Most of the eagle brand pump oilers work well. The stiff shaft ones are the best ,some come with the style end that's shown. Ck online they still make them , not the 66 or the older side trigger models . But the top pump ones produce good pressure .
 
Another option for a pump oiler is the Reilang (expensive, German, available on e-bay.com). I've been dreaming of them for years. I have three machines that use those flat button oilers. I have various means of getting oil into them - it works, but is messy. The Reilang push oilers are very well reputed.

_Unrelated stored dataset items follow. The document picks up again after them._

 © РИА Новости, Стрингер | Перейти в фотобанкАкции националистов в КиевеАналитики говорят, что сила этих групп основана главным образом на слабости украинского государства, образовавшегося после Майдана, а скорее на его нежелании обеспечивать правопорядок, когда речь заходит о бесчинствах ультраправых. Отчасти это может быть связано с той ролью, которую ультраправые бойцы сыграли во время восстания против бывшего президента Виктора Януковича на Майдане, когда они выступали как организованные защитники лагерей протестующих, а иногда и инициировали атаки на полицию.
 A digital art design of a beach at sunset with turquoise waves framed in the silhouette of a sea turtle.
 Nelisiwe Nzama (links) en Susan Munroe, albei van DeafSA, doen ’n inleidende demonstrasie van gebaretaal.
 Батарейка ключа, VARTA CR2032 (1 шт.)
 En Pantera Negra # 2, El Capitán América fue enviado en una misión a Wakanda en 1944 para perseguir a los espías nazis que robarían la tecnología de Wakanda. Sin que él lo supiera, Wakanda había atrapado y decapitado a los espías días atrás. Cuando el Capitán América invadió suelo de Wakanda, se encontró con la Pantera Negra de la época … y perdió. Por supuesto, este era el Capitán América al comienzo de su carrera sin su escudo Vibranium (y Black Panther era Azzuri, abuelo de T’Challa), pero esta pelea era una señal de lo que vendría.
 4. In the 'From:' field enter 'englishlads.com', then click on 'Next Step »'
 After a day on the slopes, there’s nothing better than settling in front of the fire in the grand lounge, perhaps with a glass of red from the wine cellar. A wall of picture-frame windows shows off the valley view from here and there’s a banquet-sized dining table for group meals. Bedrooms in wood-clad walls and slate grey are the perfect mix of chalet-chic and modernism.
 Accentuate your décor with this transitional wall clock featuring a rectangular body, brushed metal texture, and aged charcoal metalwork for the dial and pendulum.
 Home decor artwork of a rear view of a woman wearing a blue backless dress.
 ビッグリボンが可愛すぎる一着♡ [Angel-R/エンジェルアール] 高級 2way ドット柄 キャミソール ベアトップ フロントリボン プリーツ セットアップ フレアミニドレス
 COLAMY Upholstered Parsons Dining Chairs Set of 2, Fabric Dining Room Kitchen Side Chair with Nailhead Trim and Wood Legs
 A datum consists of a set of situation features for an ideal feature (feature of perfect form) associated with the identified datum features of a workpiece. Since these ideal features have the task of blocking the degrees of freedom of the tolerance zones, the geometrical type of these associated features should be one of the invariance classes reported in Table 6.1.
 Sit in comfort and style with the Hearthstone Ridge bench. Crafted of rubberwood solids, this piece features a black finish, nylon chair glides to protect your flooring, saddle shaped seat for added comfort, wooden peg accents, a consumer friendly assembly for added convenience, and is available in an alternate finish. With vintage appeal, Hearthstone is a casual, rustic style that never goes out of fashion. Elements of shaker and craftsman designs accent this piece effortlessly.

The best one is probably the Eagle No.66. They are all brass. There are usually half a dozen or so available on eBay at any given time. Search for Eagle 66 Oil Can. Typical prices are $20 to $45. I would probably avoid the $20 ones. The 66 is of the style least prone to leakage. Both the spout and the pump actuator stick out the side. The top is thus just a top and less prone to leakage. Also doesn't drip oil all over the bench when you open it to refill. They came with either a rigid or a flexible spout. If you are just buying one, go for the rigid one. You can use it in a ball oiler with one hand. The flex spout one would require two. They work fine with the spout point straight down. You just need to keep the can more than half full. It is the only can I ever found that would reliably put oil into an Atlas Commercial back gear bearing.
 
OK. The reason that I was specific as to Eagle 66 is that AFAIK, all came with the special tip on the spout for oiling through the ball oilers. there may be others that do or did but I've not seen them.
 
Thanks for the link to the PDF on the gear pulley. Very interesting. I had not seen this before reading the thread.
 
What a lovely unit Pull Gear supplied, & simple for someone to retrofit onto an existing machine to really increase its usefulness, and even when manufactured not a kings ransome for what one would get, It is basically an idea which goes back a long time , That manufacturer of very fine drilling machines The W.F. & John Barnes Co of Rockford Illinois supplied powerful drilling machines with a similar pattern of back gear for many years from the early 1900/s , very elegant machine tools . T.J. You got an extremely good purchase. ChrisW really nice data you have contributed to the thread, These old industrial leaflets were nicely produced , great artwork I think better than todays souleless computer generated information sheets.